What you will do – Before returning the data, strip out the pictures and keep everything else exactly the same.

Data –

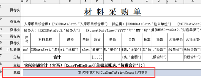 設(shè)置完成后,操作者在生成表格時,可在尾欄插入【數(shù)據(jù)字段】-本次打印為第[CurDanJuPrintCount]打印,示意如下:
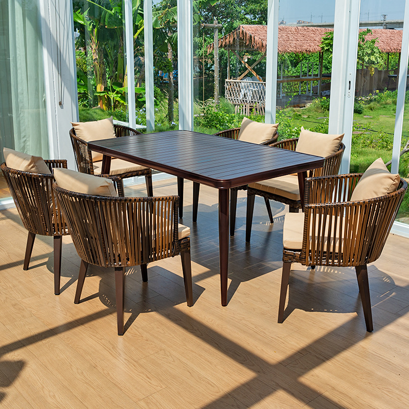 屋外藤編みテーブルと椅子の組み合わせ高級庭園家具ガーデンソファ藤椅子ベランダ柚木ロングテーブルチェア商用
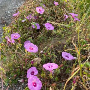 ホシアサガオ 星朝顔 ヒルガオ科 サツマイモ属 おはようございます いつもは夕方の散歩ですが、天気が怪しいので、朝の内に散歩💗🎶 夕方にはしおれてます😰💗 葉がかなり小さいです💚 まあみさんにひだまりさんのホシアサガオに似ていますというコメントをいただき見てみますと全体に毛が無く、葉がとても小さくて、花はマメアサガオより大きいところがとても似てましたので、タグをホシアサガオと訂正します💗
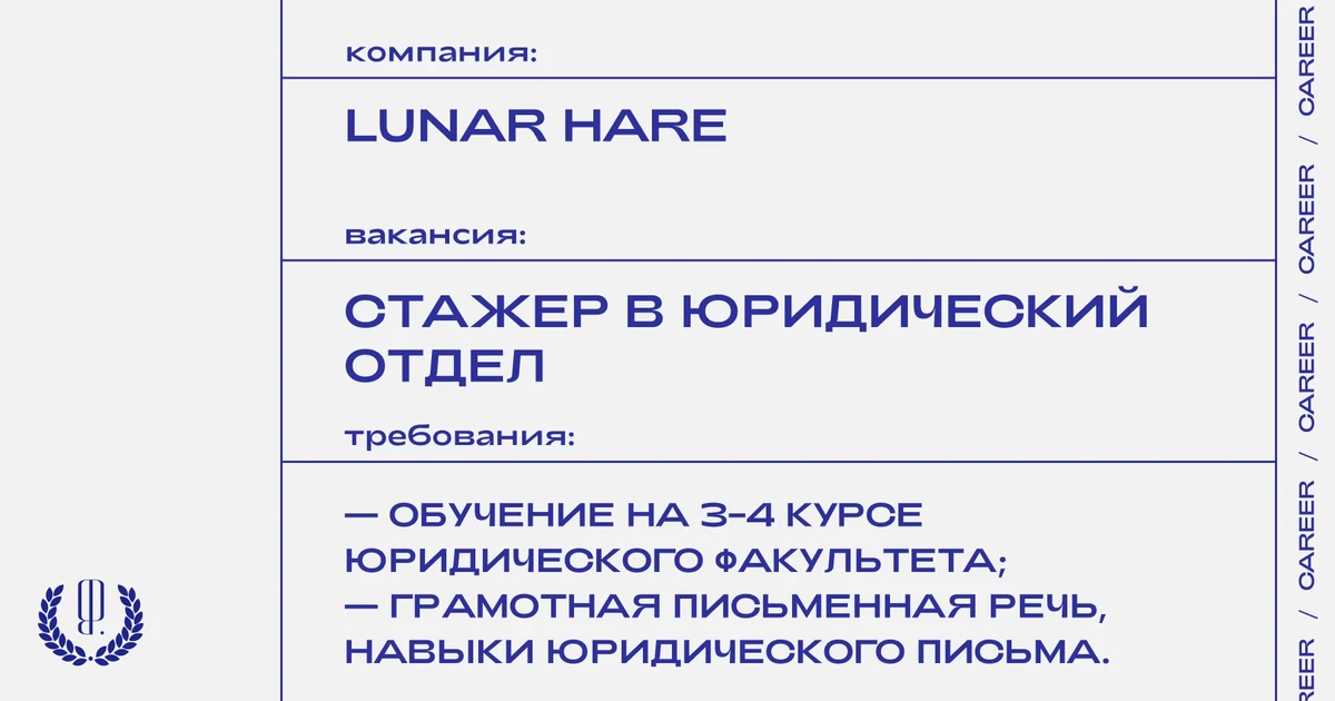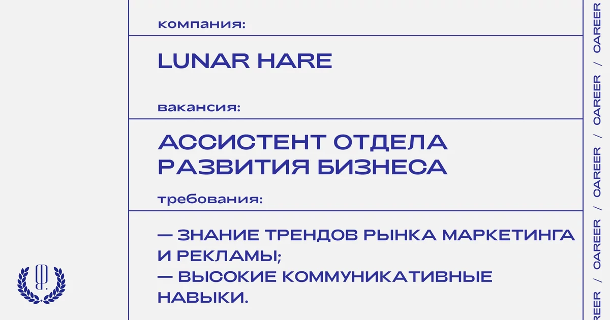 Резюме, а также сопроводительное письмо с темой «ассистент от The Blueprint» отправляйте на почту: job@lunarhare.ru

Final answer –
 設(shè)置完成后,操作者在生成表格時,可在尾欄插入【數(shù)據(jù)字段】-本次打印為第[CurDanJuPrintCount]打印,示意如下:
 屋外藤編みテーブルと椅子の組み合わせ高級庭園家具ガーデンソファ藤椅子ベランダ柚木ロングテーブルチェア商用
 ホシアサガオ 星朝顔 ヒルガオ科 サツマイモ属 おはようございます いつもは夕方の散歩ですが、天気が怪しいので、朝の内に散歩💗🎶 夕方にはしおれてます😰💗 葉がかなり小さいです💚 まあみさんにひだまりさんのホシアサガオに似ていますというコメントをいただき見てみますと全体に毛が無く、葉がとても小さくて、花はマメアサガオより大きいところがとても似てましたので、タグをホシアサガオと訂正します💗
 Резюме, а также сопроводительное письмо с темой «ассистент от The Blueprint» отправляйте на почту: job@lunarhare.ru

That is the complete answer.